Stayed in a temple in Northwest Kyoto, went to a wedding at Heian Jingu (Shinto shrine), temple-hopped all over Kyoto, rode the Shinkansen (and every other form of public transportation), bathed in an onsen (hot springs) in Kurama just outside Kyoto, saw Geishas and Maiko in Gion, and ate A LOT of daifuku.
It is no more expensive than NYC (or any urban American center) and ten times cleaner and safer. I never felt threatened or unsafe. The one major hurdle is that most things are written in Kanji (street signs, menus) and that really limited us when we weren’t with a Kanji-reading friend.
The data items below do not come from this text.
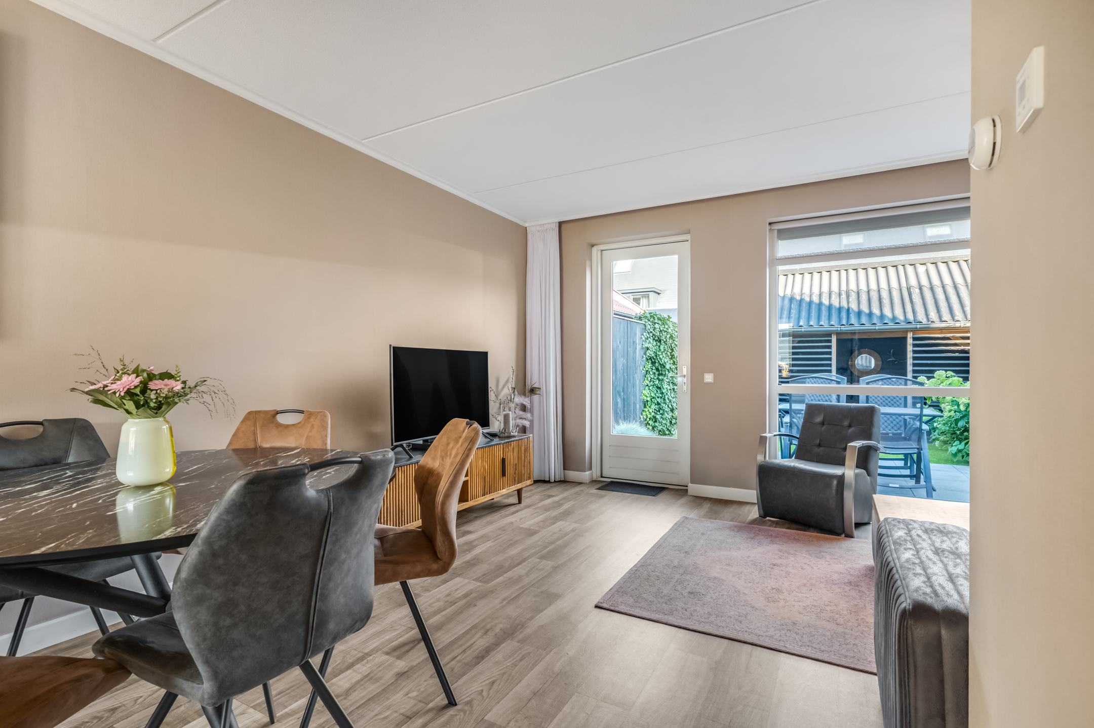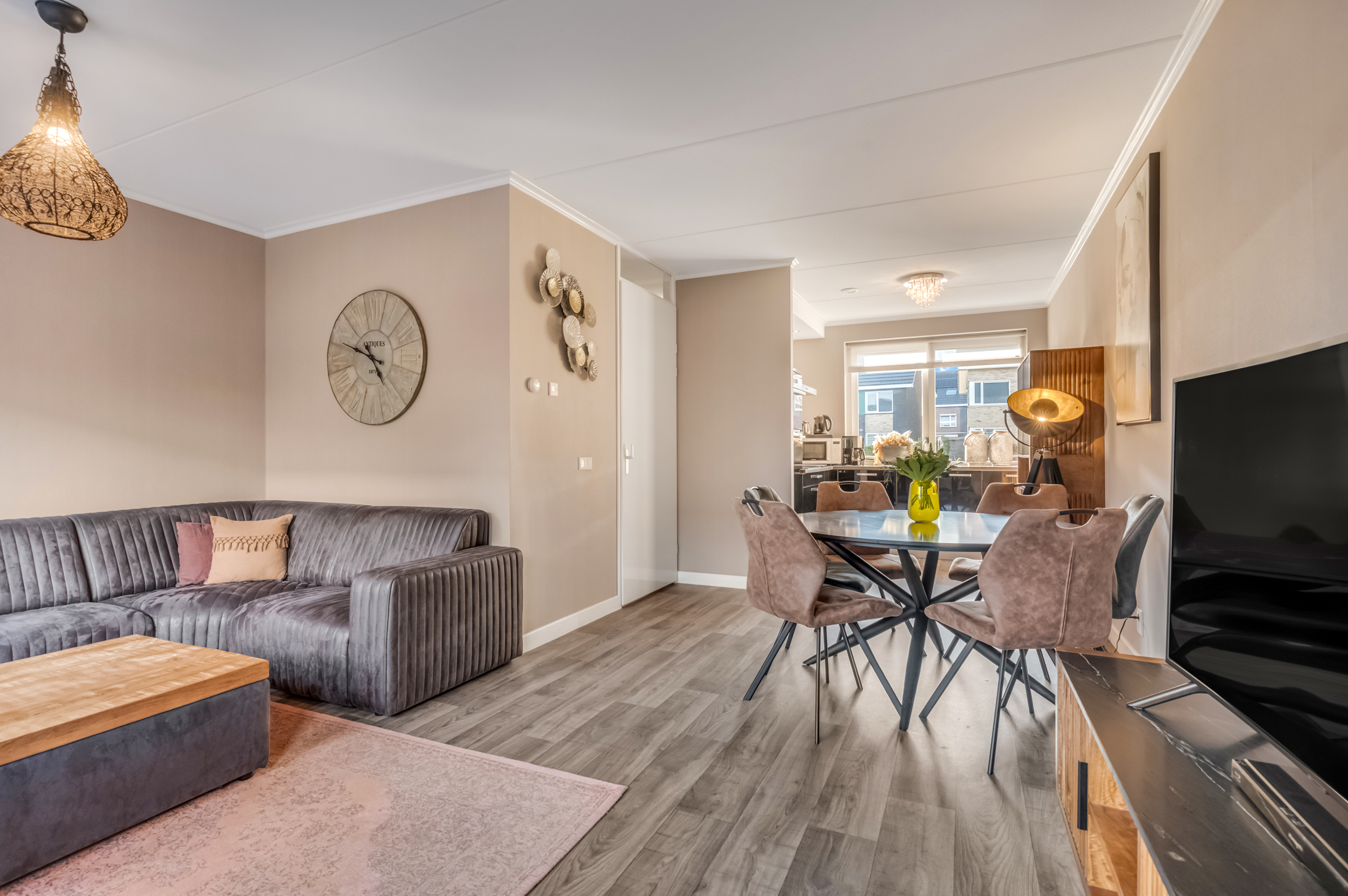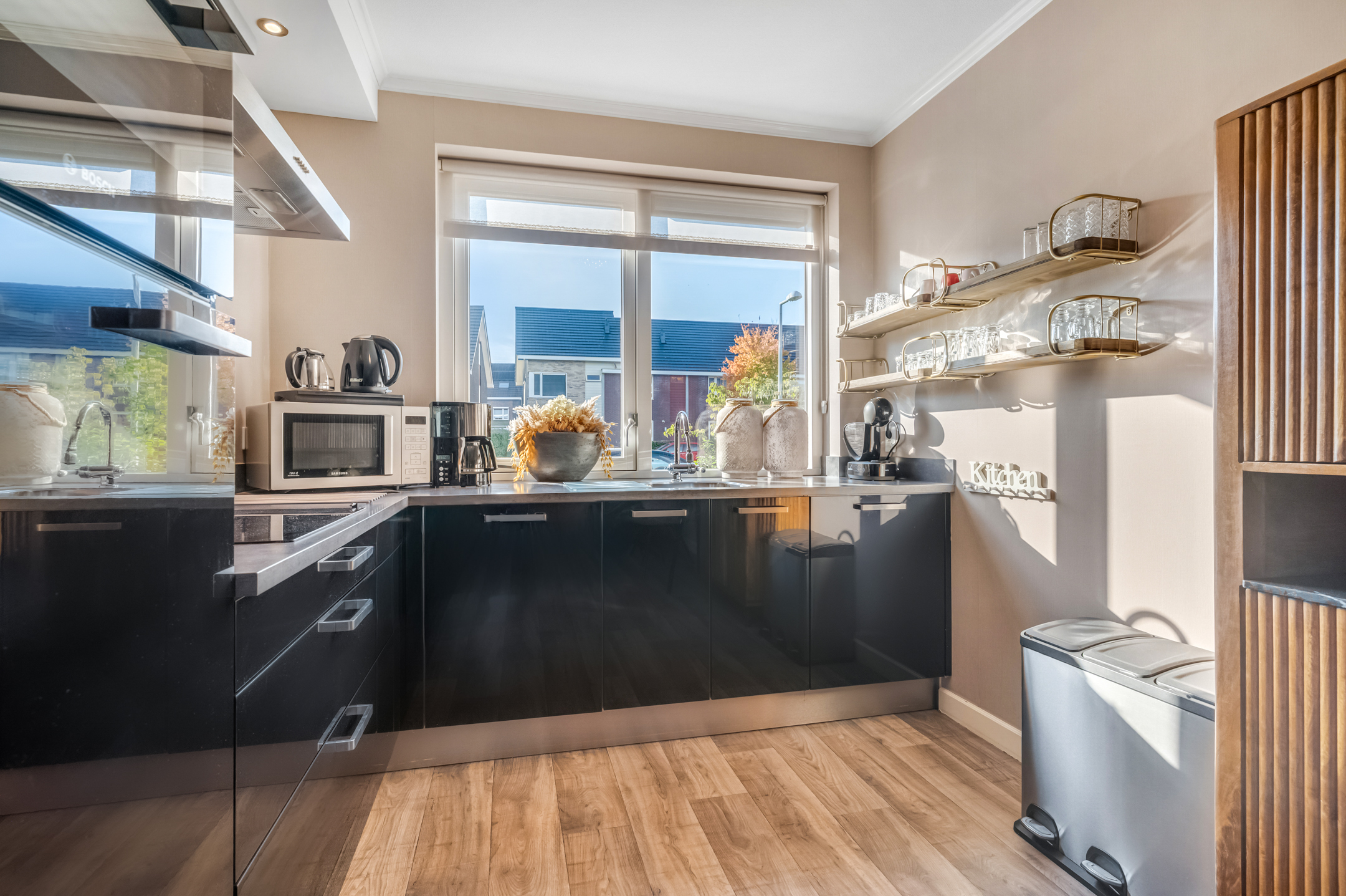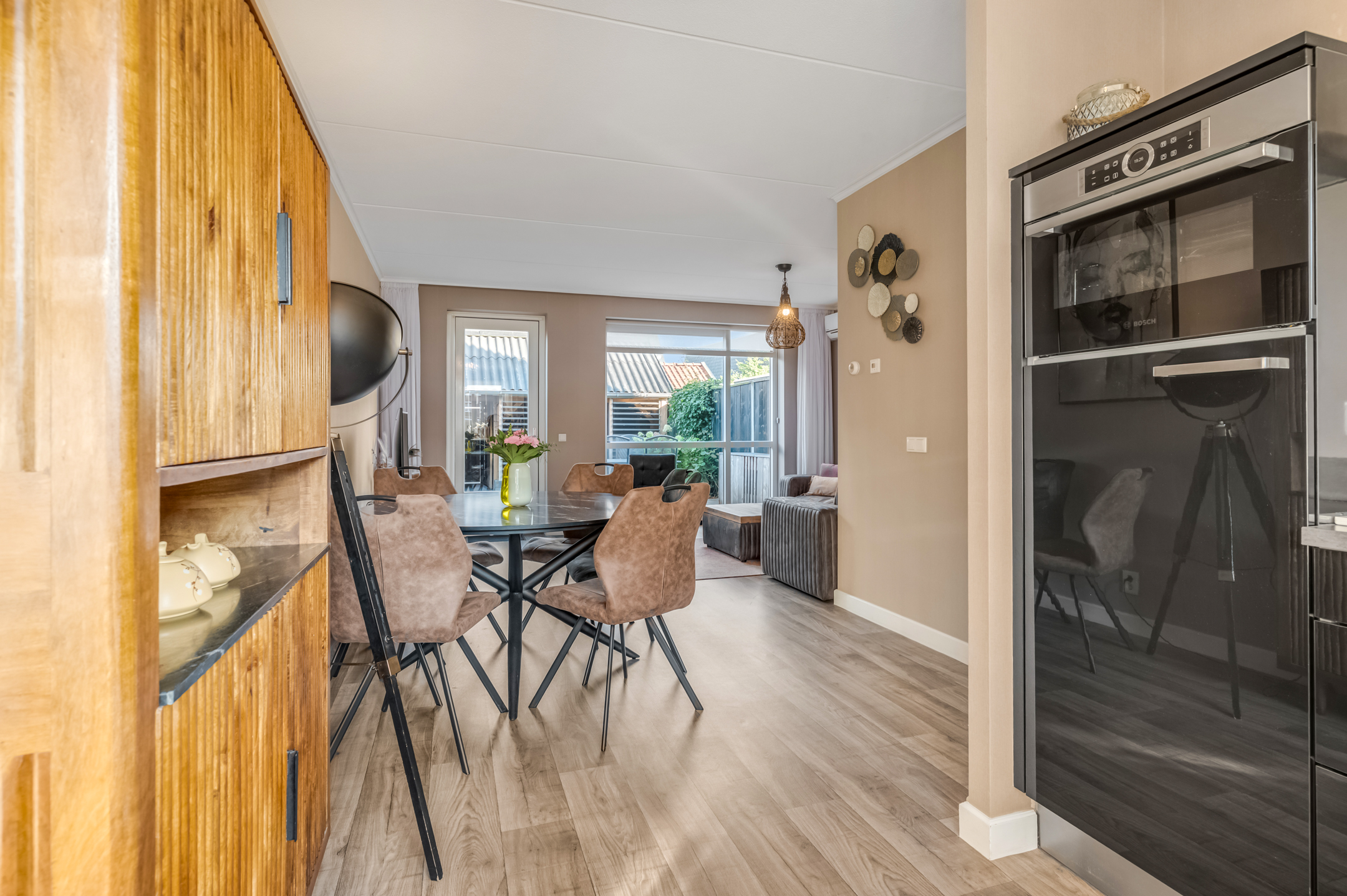 De hal geeft toegang tot het toilet en leidt naar de tuingerichte woonkamer, waar grote raampartijen zorgen voor veel natuurlijk licht. De strakke wandafwerking, de lichte vloer en de open indeling creëren een aangename leefruimte. Aan de voorzijde bevindt zich de stijlvolle hoekkeuken met uitzicht op de straat. Deze keuken is voorzien van diverse inbouwapparatuur en biedt alle ruimte voor kookliefhebbers.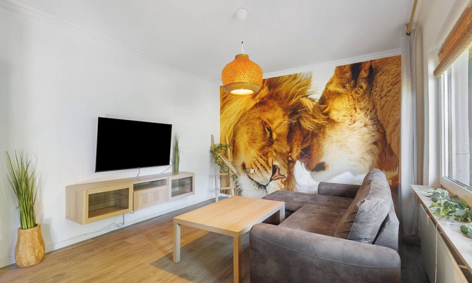 The bungalow 'Der Löwe' with step-free interior is located in Niedenstein and is ideal for an unforgettable holiday with your loved ones. The 80 m² accommodation consists of a living room with a sofa bed for 2 people, 2 bedrooms and 1 bathroom, and can accommodate up to 8 people. Amenities also include Wi-Fi and a TV. Enjoy the comfort of a private grill to prepare delicious meals during your stay. Sauna and whirlpool are available exclusively on request and can be used for an additional fee.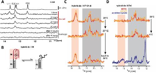 Fig. 8. Illustrative example of the degradation control experiment. Imino regions of the 1D 1H NMR spectra of d(G3(TTAG3)3T) in intracellular buffer (A), injected oocytes (B), cleared lysate (C), the intracellular buffer after butanol recovery of DNA from the cleared lysate (D). Note the evident difference between spectral fingerprints in the intracellular buffer (A) and the cleared lysate (C). While the spectrum in the buffer corresponds to a single conformation, namely to the 2-tetrad anti-parallel basket, the spectrum in the lysate suggests the coexistence of multiple G-quadruplex conformations. The matching between the spectral patterns (A) and (D) confirms that observed differences between in vitro and in-cell/clear lysate spectra are not due to DNA degradation. Figure adapted with permission from Hänsel et al. [13]. Copyright 2009 American Chemical Society. |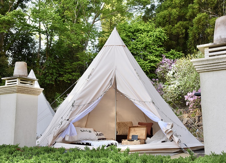 清らかなロケーションで、自然の中で食事をする非日常体験ができます。それぞれのテーマに合わせたデザインやデコレーションが異なるテントは、いずれも広々とした空間。テントのそばにタープを張っているので雨の日にも対応。ヨガなどのアクティビティイベントも実施しています。
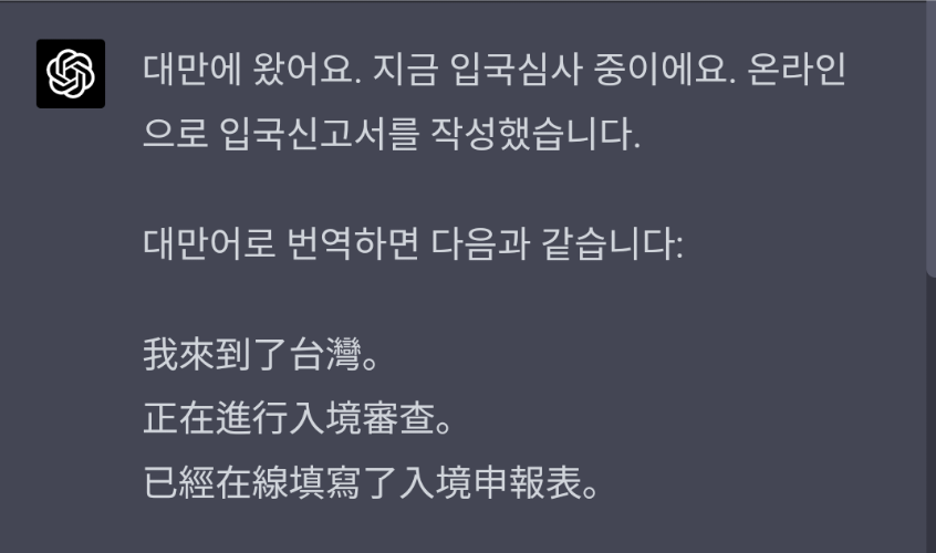 영어도 아니고 중국어도 아니고 대만어를 할 수 없기 때문에

It is however, totally possible to communicate by pointing and sign language and the friend I was with spoke no Japanese at all, but my basic grasp of Japanese helped a lot.
Resources I used: Rough Guide to Japan, Lonely Planet’s Kyoto book, local maps (from tourist info center on 9th floor of Kyoto Station) and a Japanese phrase book. All were crucial except the phrase book. Maps especially. Kyoto and most of Japan runs exceptionally smoothly, but a lot of signs are in Kanji and orienting myself, even just getting used to the street names without them all sounding alike, took a little while.
To anyone considering travel to Kyoto, and who doesn’t need high tech accommodations, I strongly recommend researching temple lodgings (shokubo). we stayed for approx USD $45/ night. I woke 5:30am a few mornings to the sound of bells ringing and bicycled down a path in our temple complex to witness monk’s chanting and locals praying. It was truly the best Japan experience.
The most expensive part is the flight but even with that you can get a $600 USD RT (according to one American we met who’d been living in Tokyo for 18 years).